This article first appeared at MassLive.com: American Eagle’s latest denim campaign, featuring actress Sydney Sweeney, has gotten backlash for having racist connotations.

The clothing company launched the campaign, called “Sydney Sweeney Has Great Jeans,” on July 23, with the 27-year-old “Euphoria” star as the spokesperson.

The campaign was intended to be a celebration of “making customers look and feel good in AE Jeans,” an online press release states.

However, shortly after rolling out, fans on social media started accusing the campaign of celebrating whiteness and eugenics. Furthermore, the ads have been bashed for promoting beauty features — such as blonde hair and blue eyes — that are historically common among Aryan races.

Some pointed to the use of a “jeans/genes” pun used in the ads as being inappropriate, including one when Sweeney buttons her pants while lying on a couch and saying, “Genes are passed down from parents to offspring, often determining traits like hair color, personality and even eye color. My genes are blue.”

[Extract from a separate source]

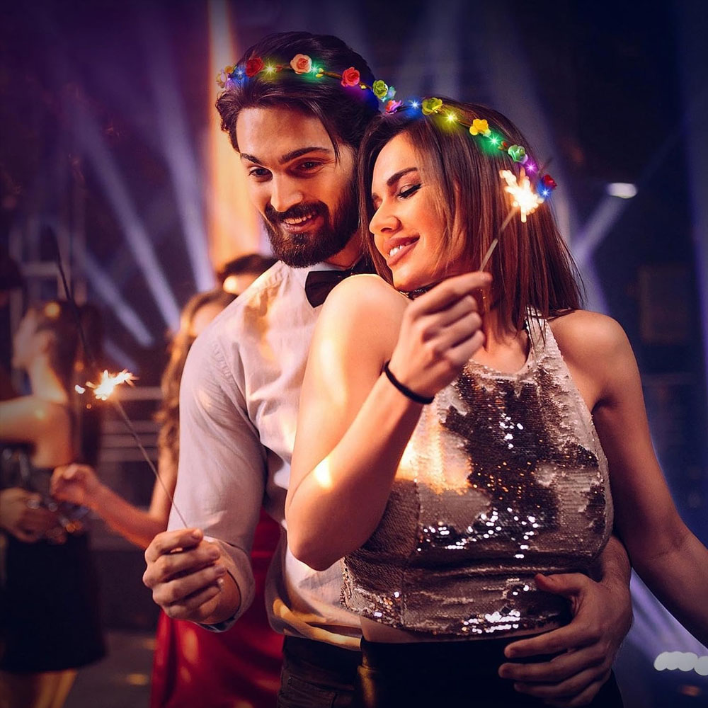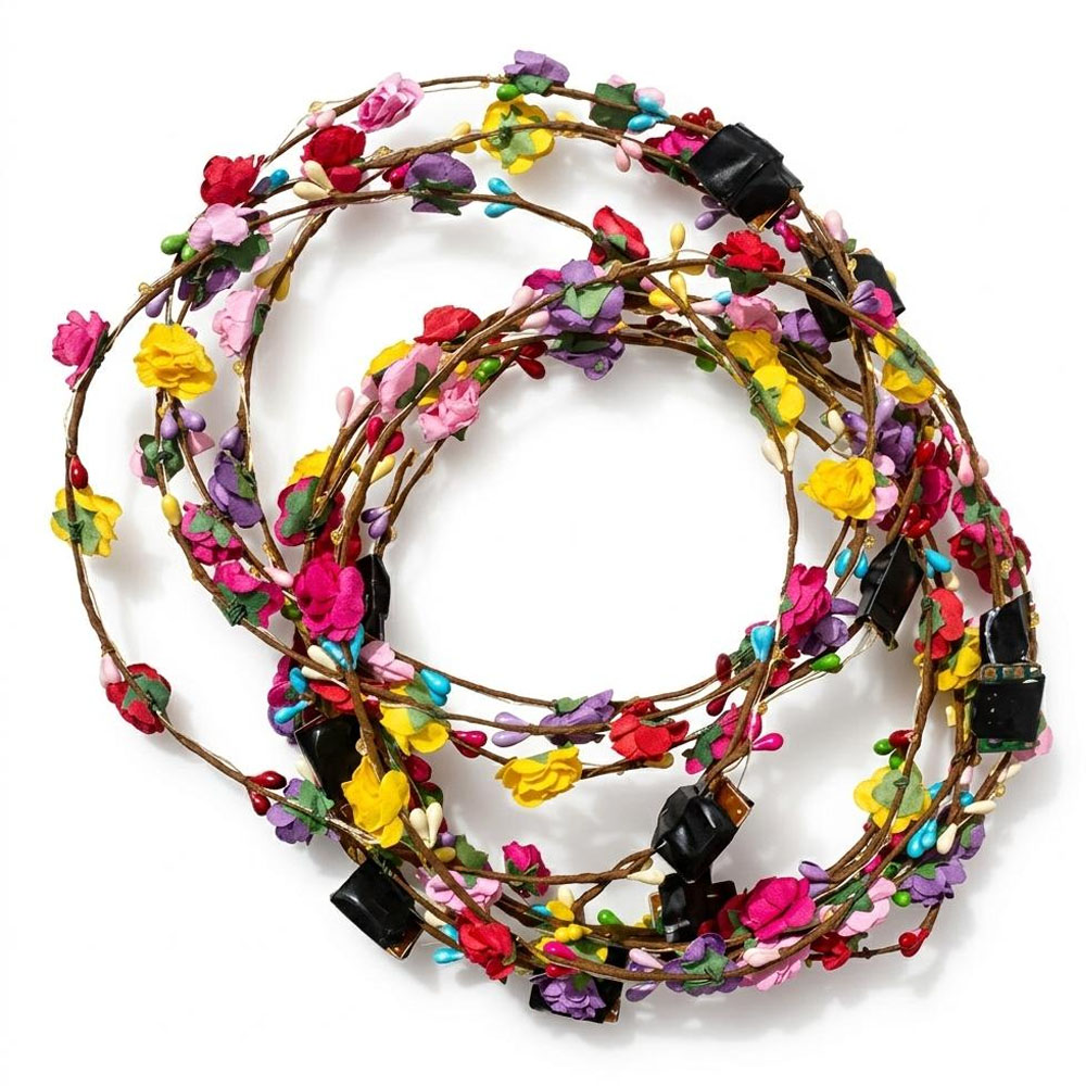 The soft and flexible wire connects each flower steadily above the circle to form a complete luminous wreath. If several received garlands are loose, you can wrap the wire around it a few times.

“I’m sorry that American Eagle ad where they’ve got that blonde blue eyed woman talking about how good ‘jeans’ are passed down from your family and how hers are ‘blue’ when she looks at the camera is such a blatant dog whistle that it can hardly be considered a dog whistle anymore,” one X user wrote in response to the campaign ad.

Another X user wrote, “Sydney Sweeney and American Eagle promoting eugenics and pushing the aryan race Nazi propaganda was not in my 2025 bingo card.”

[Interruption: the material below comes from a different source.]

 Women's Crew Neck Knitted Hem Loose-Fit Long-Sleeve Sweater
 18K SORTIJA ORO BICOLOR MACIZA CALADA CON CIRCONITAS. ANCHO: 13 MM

Some internet users have also accused AE of ripping off a 1980s Calvin Klein ad campaign starring supermodel Brooke Shields, SJ Denim reported. The ad showed a 14-year-old Shields rolling on the floor and trying to put on her jeans while discussing how “the secret of life lies behind the genetic code.”

However, AE’s campaign differs because it has been perceived as evoking a specific beauty standard, Cyndee Harrison, principal at marketing and crisis communications firm Synaptic, told SJ Denim.

“When nostalgia gets selective, it gets risky. Brands have every right to lean into heritage or iconography, but they have a responsibility to vet for subtext,” Harrison told the outlet.

“‘Great genes,’ paired with a very specific beauty standard and the legacy of the Brooke Shields campaign evokes exclusion more than empowerment,” she said. “Creative shouldn’t just pass legal review…it should pass cultural review. That means involving people with diverse perspectives at the table from concept to launch.”

However, not everyone was upset with the campaign. Many comments on a YouTube video of another ad were positive, with some comparing it to “the ads of the 90s when beautiful women sold clothes by just wearing them.”

“This used to be a normal ad to normal people left and right for decades,” one comment read.

Other comments were “maybe I’m washed but I don’t see anything wrong with the ad” and “this is all the controversy is over? Smh.”

AE has yet to publicly comment on the matter.